My God, My God, why have You forsaken Me? . . . Dogs have surrounded Me; a band of evil men has encircled Me, they have pierced My hands and My feet. I can count all My bones; people stare and gloat over Me. They divide My garments among them and cast lots for My clothing (Ps. 22:1,16-18).
Psalm 22 begins as an anguished prayer (vv.1-21) and ends as a hymn of praise (vv.22-31). Written by David, possibly in connection with the rebellion led by his son Absalom, it is beautifully poetic, rich in word pictures, and balanced in experience. Beginning in agony, it ends with a wonderful expression of God’s goodness to those who fear Him.
The point of contention arises when Christians relate elements of David’s suffering in Psalm 22 to the suffering, death, and resurrection of Jesus. New Testament writers connect this psalm with Jesus’ crucifixion at least 12 times (Mt. 27:35,39,43,46; Mk. 15:24,29,34; Lk. 23:34; Jn. 19:23-24,28,34,37; Heb. 2:12). They see the gambling for Jesus’ clothing, the shaking of heads in ridicule, the expression of His thirst, and His cry of abandonment as foreshadowed in Psalm 22.
These New Testament references to Psalm 22 anger those who reject the idea that Jesus fulfilled Old Testament prophecy in any way. They use this passage as a prime example of how dishonest followers of Jesus attempt to paint Jesus back into the Old Testament Scriptures. As evidence, they highlight the words “they have pierced My hands and My feet” (Ps. 22:16) and they point out that the Hebrew word Christians have translated “pierced” in verse 16 really means “like a lion.” Because Christian translators rendered the same word “like a lion” in Isaiah 38:13, critics charge translators with deceit.
The fact is that Christian translators are not alone in translating Psalm 22:16 as they do. Some Hebrew manuscripts and the Septuagint (the Greek version of the Old Testament produced by Alexandrian Jews in 250 BC) support the reading “they have pierced my hands and my feet.” The Jewish scholar Aquila, who produced a Greek version of the Old Testament about AD 120 to correct the mistakes in the Septuagint, rendered Psalm 22:16, “they disfigured my hands and my feet” (Bible Encyclopedia And Dictionary, A. R. Fausset, Zondervan, p.525).
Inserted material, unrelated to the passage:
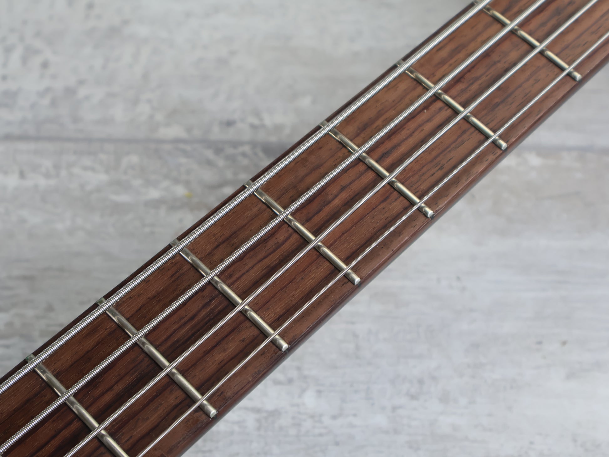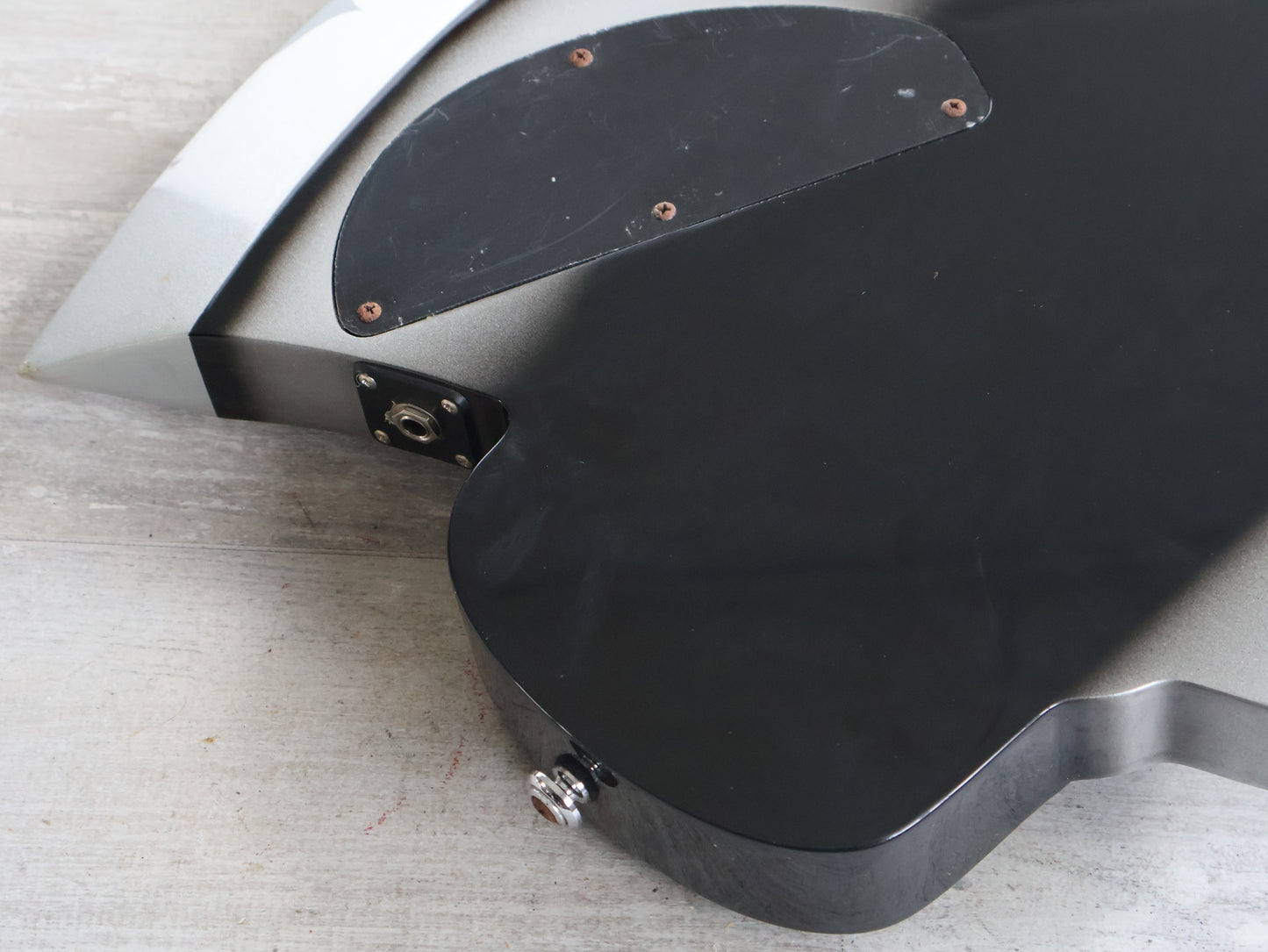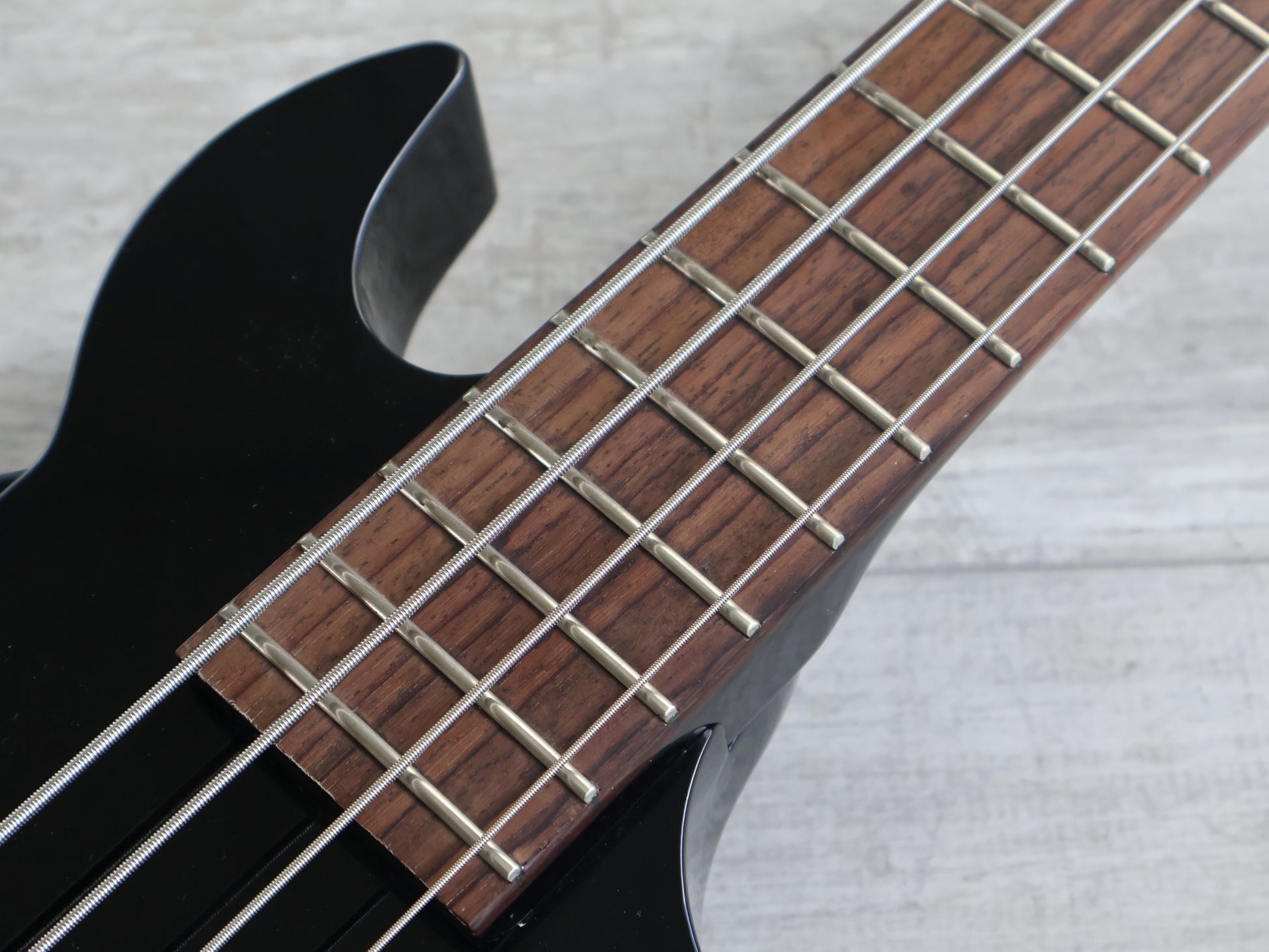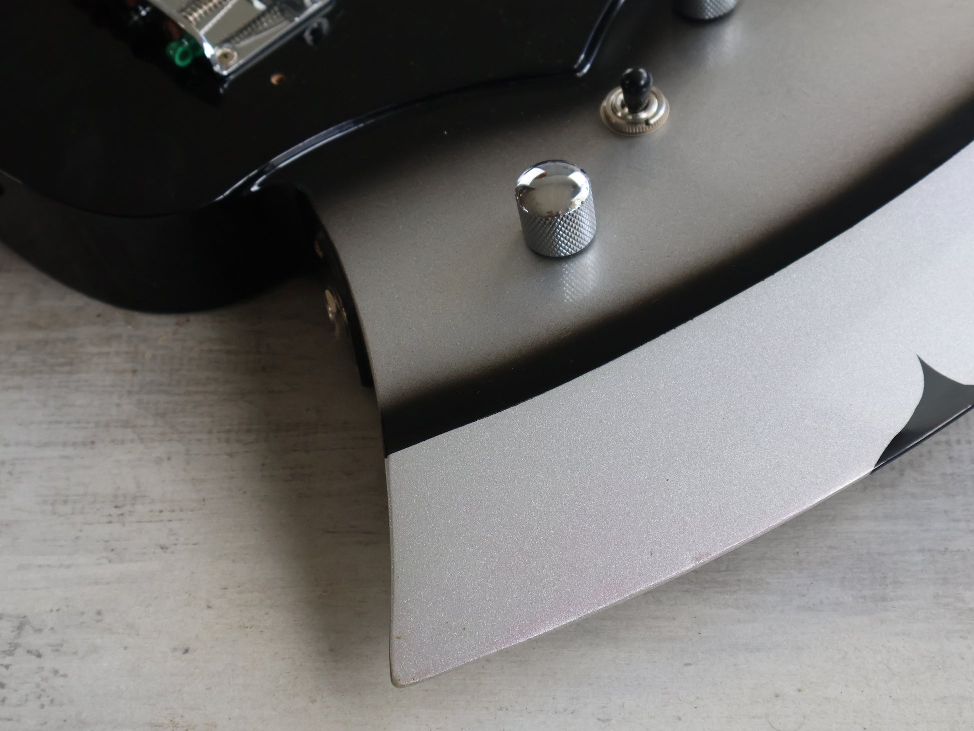 At the heart of the axe-shaped Simmons bass is its electronics system. The Mighty Mite MMJB-R and MMPB-4 pickups produce clear, bright tone, with low noise. Controls include Volume, Tone, and a toggle switch to select the bridge or mid pickups, so you can dial in your ultimate demon tone.

Therefore, while the Masoretic text, compiled by 10th-century Jewish scholars, reads, “like a lion,” it is not at all certain that this is the correct reading. The Hebrew word for “like a lion” and the one for “pierced” or “disfigured” differ only in the length of the last line in the last letter. The scribes who made handwritten copies of the Hebrew manuscripts were very careful, but apparently some of them copied the last line of this word differently than others did.
Maybe the translators were wrong. Maybe not. We don’t know. No one does. But to charge them with deliberate mistranslation is to say far more than what is known.
Christians believe that the suffering of David at the hands of his enemies foreshadowed the suffering of Jesus. But we can’t be sure exactly what happened to David. Did men at some point gamble for his clothing? (Ps. 22:18; Mt. 27:35). Did bystanders shake their heads in ridicule? (Ps. 22:7; Mk. 15:29). Did David experience intolerable thirst? (Ps. 22:15; Jn. 19:28). Possibly, but probably not. No known interpreters, Jewish or Christian, make that claim. All see the psalm as poetic, with much hyperbole and figurative language. But the details correspond strikingly with those of the crucifixion. It is therefore possible that David in his suffering was lifted by the Spirit beyond his own experience to mysteriously taste and describe in a limited way the suffering of the King he served.
It remains for honest seekers to decide whether the Gospel writers contrived this whole scenario or reported the facts as they remembered them.